My primary camera has a built in motor drive. Hold the shutter release down and it’ll just keep snapping away. It’s a machine gun approach to photography, but sounds real cool so I make use of that feature a lot. Which normally means later when culling through a day’s booty of shots, I have multiple photos of the same subject, each slightly different. Picking the keeper is usually not a difficult decision.
But a late evening visit to one of the wats in Luang Prabang caused my decision making process to jam up. Too many shots I liked to choose from. It wasn’t just the result of machine gun photography; the subject – broadly – remained the same, and I revisited the same spot half a dozen times that night. Each time the scene got better. Or at least different. I’d been hunting monks and the overabundance of novices at the wat turned the hunt into more of a case of scumming for monks than hunting them.
But that seemed apropos; the entire visit was about multiples. We discovered the wat while sauntering down Sisavangvong Road with no particular destination in mind.
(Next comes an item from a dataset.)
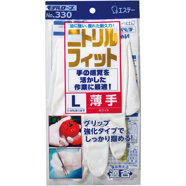 #330 ニトリルフィット薄手ホワイト L 1組 Y014673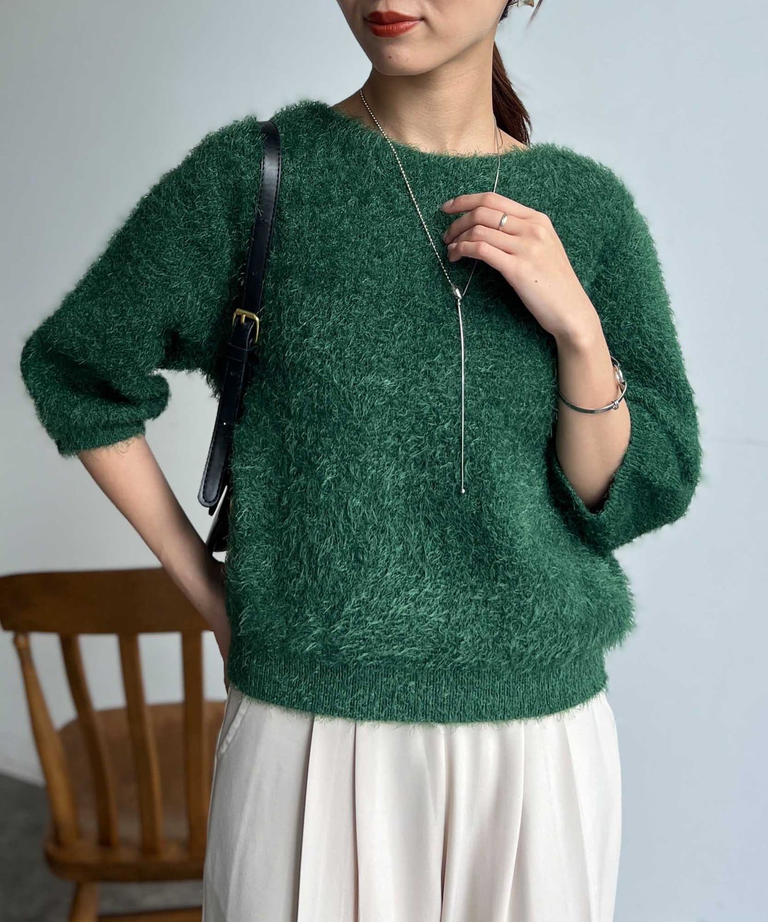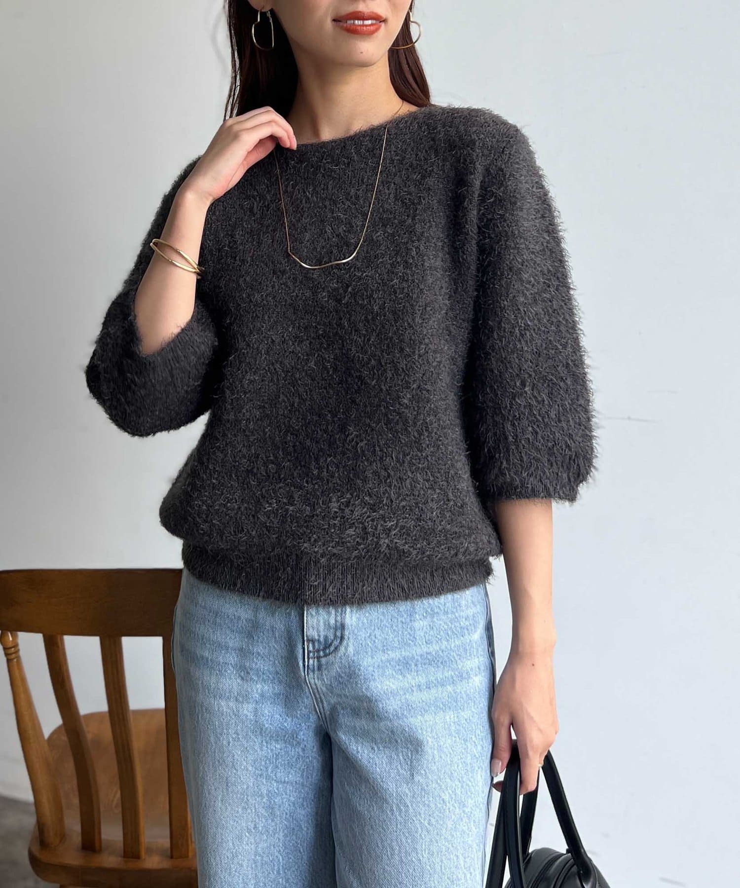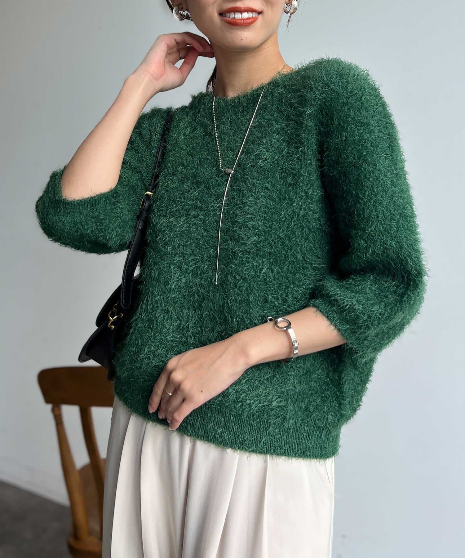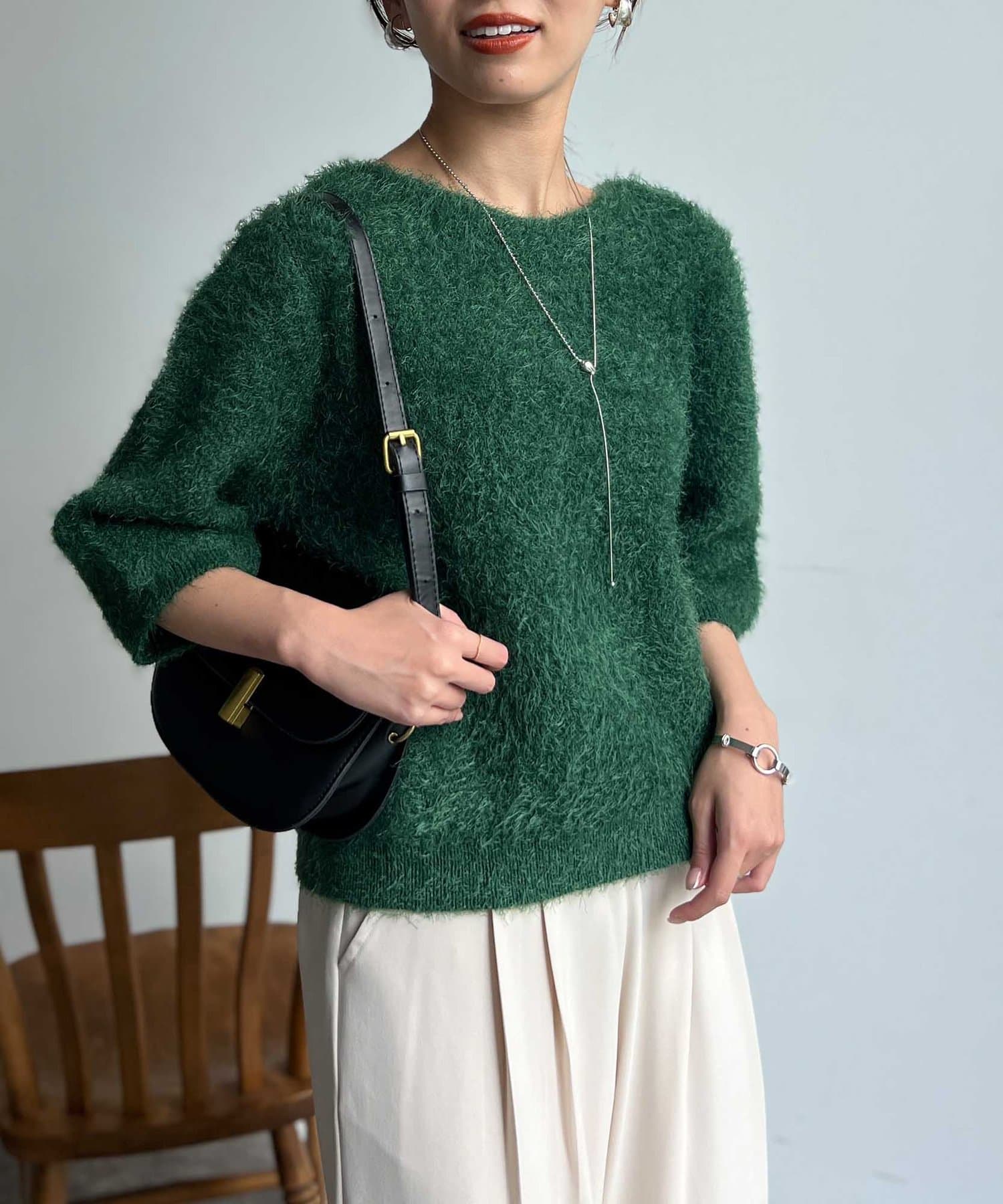 今季注目のシャギーニットプルオーバーが6分袖で登場

Sisavangvong Road is the main boulevard in Luang Prabang’s historic district. With nary a bend in the street, it becomes Sakkarine Road on one end of town, and Chao Fa Ngum on the other. We’d started walking along Chao Fa Ngum Road without even knowing we’d not changed streets.
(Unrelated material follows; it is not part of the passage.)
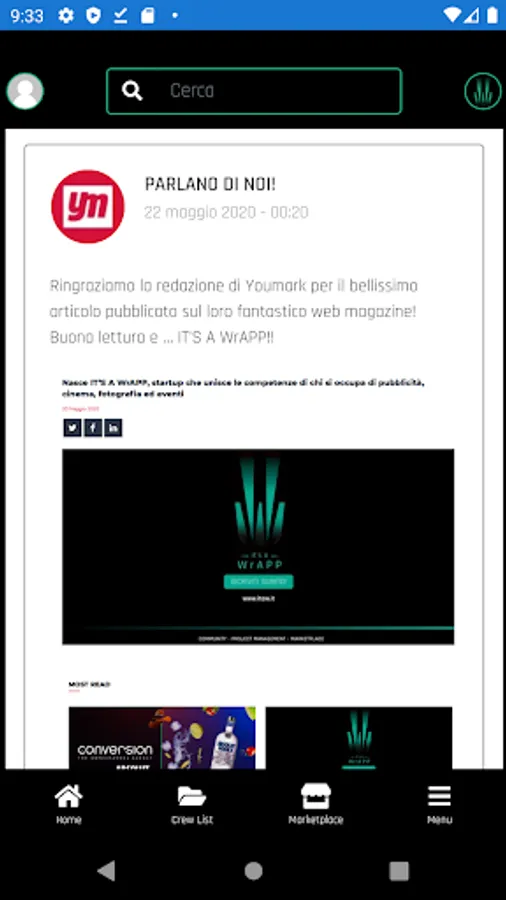 It's a WrApp is a social network web service mainly used in the development of professional contacts for operators and companies working in the world of ADVERTISING - CINEMA - PHOTOS - EVENTS.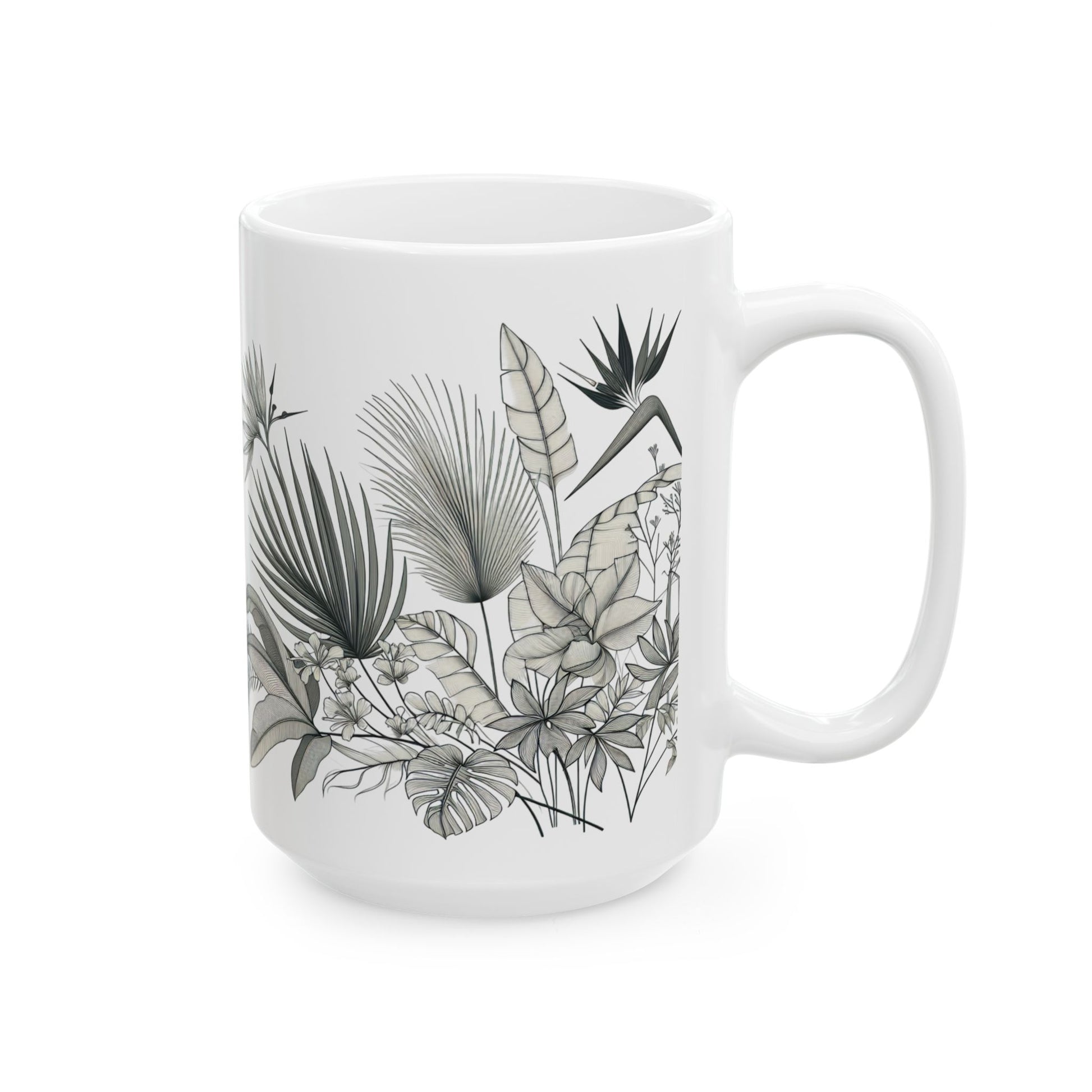 Tropical Botanical Ceramic Mug - Nature Inspired Coffee Cup

Across the street we spotted a set of stairs (big surprise) leading up to a wat. There were two monks hanging out at the top, just in case we needed any more reason to go take a look. At the top of the stairs the bot of Wat Hosian Voravihane glimmered in the setting sun to our right. To the left was the monks’ residence. Right or left counts as a decision, though a minor one, but the ‘multiple’ part comes in to play in that by turning right you walk through Wat Hosian’s complex and then, much like with Sisavangvong Road below, with no marking, physical or natural, to alert you to a change you find yourself all of a sudden at Wat That. Which, as long as we are doing the multiple thingy is also called Wat Phra Mahathat.
Multiple streets and multiple wats of multiple names – and needless to say, multiple sets of stairways – has nothing to do with today’s Monk Shot! except as a flimsy excuse to post multiple photos of the same scene. Since the majority of people upon entering any room, building, or area, move to the right, when we reached the top of the stairs leading up to Wat Hosian, we went left. A white stucco building, one of the residences for monks, immediately caught my eye. The play of shadows and light thanks to the setting sun was enough reason for me to raise my camera to eye level, multiple hanging saffron robes matched in color by the trim on the building was an added bonus. A Monk Shot! of monks’ robes is almost as good as a Monk Shot! of actual monks.
A perfect, photogenic setting, and before I could click off a dozen or so shots, a novice monk wandered into the scene. And then another. And another. My camera’s motor drive was smoking. An orgiastic feast of monks that my friend was not quite as enamored with; impatient, he pulled me away and we wandered off to see the rest of the wat(s). Fortunately for me, I count each little setting within a wat as a separate tableau or I’d have an even more difficult time in deciding which shots to keep. Between the two wats there were more than a dozen really cool Monk Shots! waiting to be recorded. But I kept finding an excuse to wander back to the monk house, and each time I did there were more monks hanging around and more Monk Shots! to be taken.
Just for the record, I could pick out just one of these to represent the visit. Through a process of elimination, I could allow my decisive nature to rule the day. Even then, at this setting of multiple wats I’d blow my entire wad of allowable photos in accordance with that bastard in Penang who seared his 7 Shot Rule into my consciousness. So out of spite, I’m sharing several shots of the exact same scene today. I decided that was a better route to take than to publish multiple posts about the multiple Monk Shots! at the multiple wats of multiple names on multiple streets.